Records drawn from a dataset
□ □ □ □

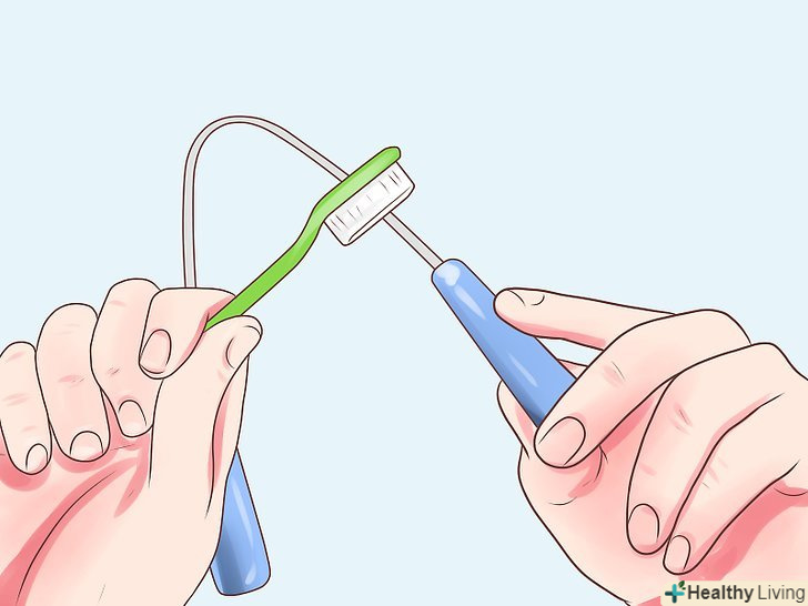 Виберіть зубну щітку комбіновану зі скребком для язика.якщо у вас загострений блювотний рефлекс, то зробіть вибір на користь такої зубної щітки зі скребком. Такий вид скребка вже. ніж стандартний, некомбінований, що робить його оптимальним для людей з загостреним блювотним рефлексом.- Виберіть Y-подібний скребок для мови.Скребок для язика у вигляді одного леза очищає мову швидше, ніж скребок і зубна щітка два в одному. Він має гладкі краї і контури, які підходять для чищення мови. Якщо ви хочете придбати більш ефективний інструмент, то зупиніть свій вибір на такому скребку.
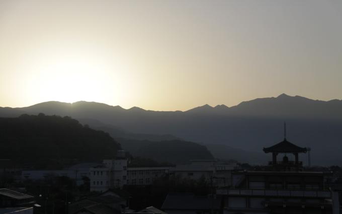 「春はあけぼの。やうやうしろくなりゆく山ぎは、すこしあかりて・・・」。枕草子では、春は夜が明け始め、東の空がほのかに明るんでくる様子に趣があると記されています。垂水市からも高隈山の稜線が朝日によって明るんでくる様子を望むことができます。時を同じくして、光源寺の梵鐘の音色が一日の始まりを告げました。
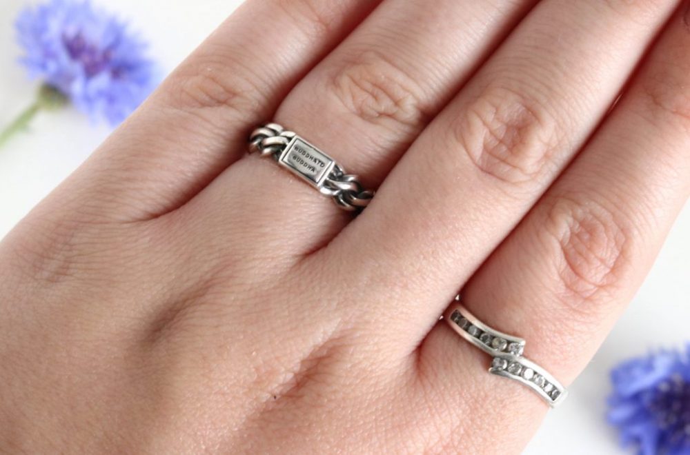 De Francis XS ring is vrij subtiel en daarom voor mij dé perfecte keus. Ik heb al een andere Buddha to Buddha ring en dat is de George small ring. Ook die is vrij subtiel. I love them! Ik moet wel toegeven dat ik het soms wat lastig vind met het kiezen van de juiste maat. Ik heb volgens mij ringmaat 17,5 voor mijn ringvingers. Maar Buddha to Buddha heeft geen halve ringmaten helaas. Maat 18 vind ik nét te groot en maat 17 past wel maar zit vrij krap wanneer ik warme handen heb. Toch heb ik er voor gekozen om maat 17 te houden en ik ben blij met deze keuze. De Buddha to Buddha Francis XS ring kost € 79.
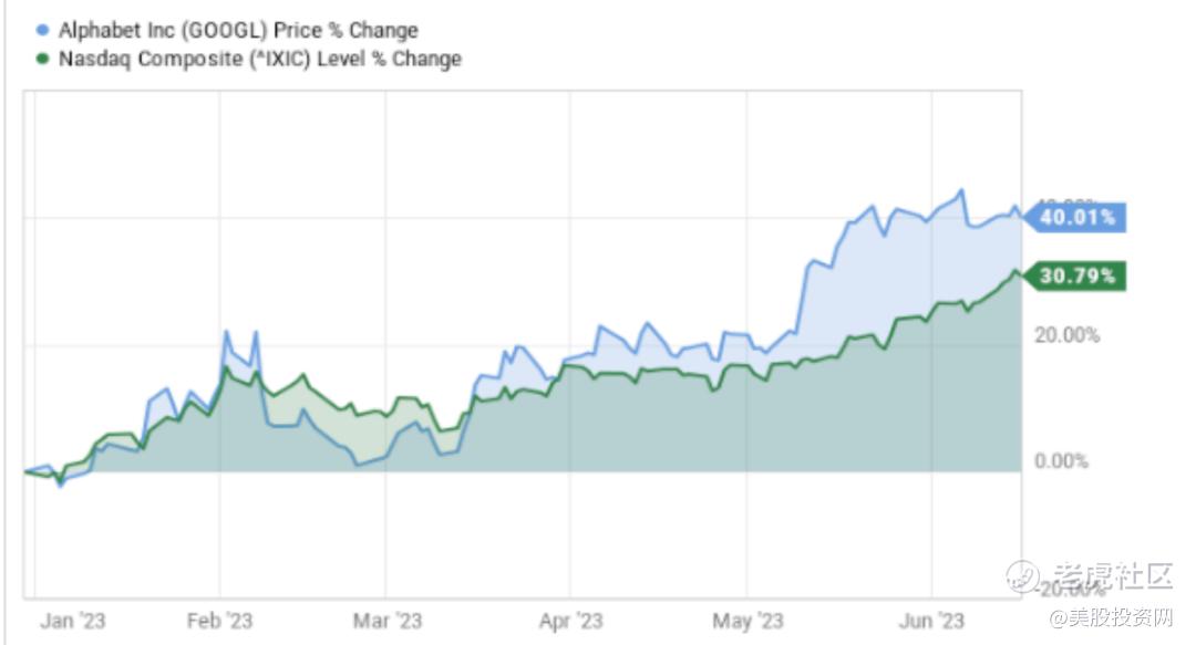 另外,谷歌云可能是投资者今天想要购买Alphabet股票的原因。谷歌云为全球1000家最大公司中的近60%提供服务,是Alphabet业务中增长最快的部分,2023年第一财季(截至3月31日)收入增长28%,甚至击败了主要的云竞争对手微软Azure和亚马逊AWS。
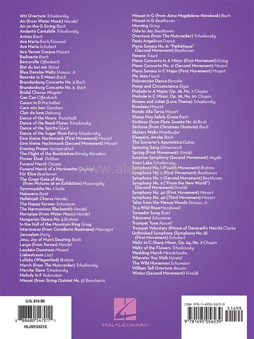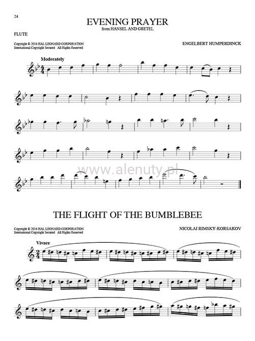 Nuty na flet poprzeczny obszernego zbioru 101 najbardziej znanych utworów muzyki klasycznej, przeznaczone dla początkujących i średnio zaawansowanych.
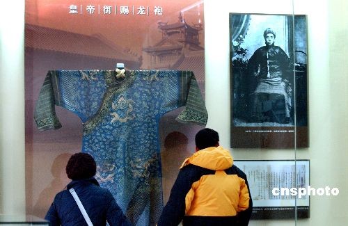 12月17日,奉系軍閥張作霖的九龍袍等文物首次在沈陽張氏帥府博物館展出。據(jù)館方工作人員介紹,這是末代皇帝溥儀因張作霖剿匪有功而賞賜給他的。中新社發(fā) 羅瀾 攝
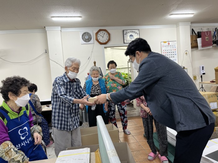 경산시니어클럽(관장 정진석)은 추석을 맞이하여 시장형 사업단 참여자를 대상으로 추석을 풍요롭게 보내실 수 있도록 선물을 전달해 드렸습니다.

□ □ □ □

EXERCISE DIRECTIONS: Set the data above down again exactly as given, with no pictures.

RESPONSE TO THIS EXERCISE:
 Виберіть зубну щітку комбіновану зі скребком для язика.якщо у вас загострений блювотний рефлекс, то зробіть вибір на користь такої зубної щітки зі скребком. Такий вид скребка вже. ніж стандартний, некомбінований, що робить його оптимальним для людей з загостреним блювотним рефлексом.- Виберіть Y-подібний скребок для мови.Скребок для язика у вигляді одного леза очищає мову швидше, ніж скребок і зубна щітка два в одному. Він має гладкі краї і контури, які підходять для чищення мови. Якщо ви хочете придбати більш ефективний інструмент, то зупиніть свій вибір на такому скребку.
 「春はあけぼの。やうやうしろくなりゆく山ぎは、すこしあかりて・・・」。枕草子では、春は夜が明け始め、東の空がほのかに明るんでくる様子に趣があると記されています。垂水市からも高隈山の稜線が朝日によって明るんでくる様子を望むことができます。時を同じくして、光源寺の梵鐘の音色が一日の始まりを告げました。
 De Francis XS ring is vrij subtiel en daarom voor mij dé perfecte keus. Ik heb al een andere Buddha to Buddha ring en dat is de George small ring. Ook die is vrij subtiel. I love them! Ik moet wel toegeven dat ik het soms wat lastig vind met het kiezen van de juiste maat. Ik heb volgens mij ringmaat 17,5 voor mijn ringvingers. Maar Buddha to Buddha heeft geen halve ringmaten helaas. Maat 18 vind ik nét te groot en maat 17 past wel maar zit vrij krap wanneer ik warme handen heb. Toch heb ik er voor gekozen om maat 17 te houden en ik ben blij met deze keuze. De Buddha to Buddha Francis XS ring kost € 79.
 另外,谷歌云可能是投资者今天想要购买Alphabet股票的原因。谷歌云为全球1000家最大公司中的近60%提供服务,是Alphabet业务中增长最快的部分,2023年第一财季(截至3月31日)收入增长28%,甚至击败了主要的云竞争对手微软Azure和亚马逊AWS。
 Nuty na flet poprzeczny obszernego zbioru 101 najbardziej znanych utworów muzyki klasycznej, przeznaczone dla początkujących i średnio zaawansowanych.
 12月17日,奉系軍閥張作霖的九龍袍等文物首次在沈陽張氏帥府博物館展出。據(jù)館方工作人員介紹,這是末代皇帝溥儀因張作霖剿匪有功而賞賜給他的。中新社發(fā) 羅瀾 攝
 경산시니어클럽(관장 정진석)은 추석을 맞이하여 시장형 사업단 참여자를 대상으로 추석을 풍요롭게 보내실 수 있도록 선물을 전달해 드렸습니다.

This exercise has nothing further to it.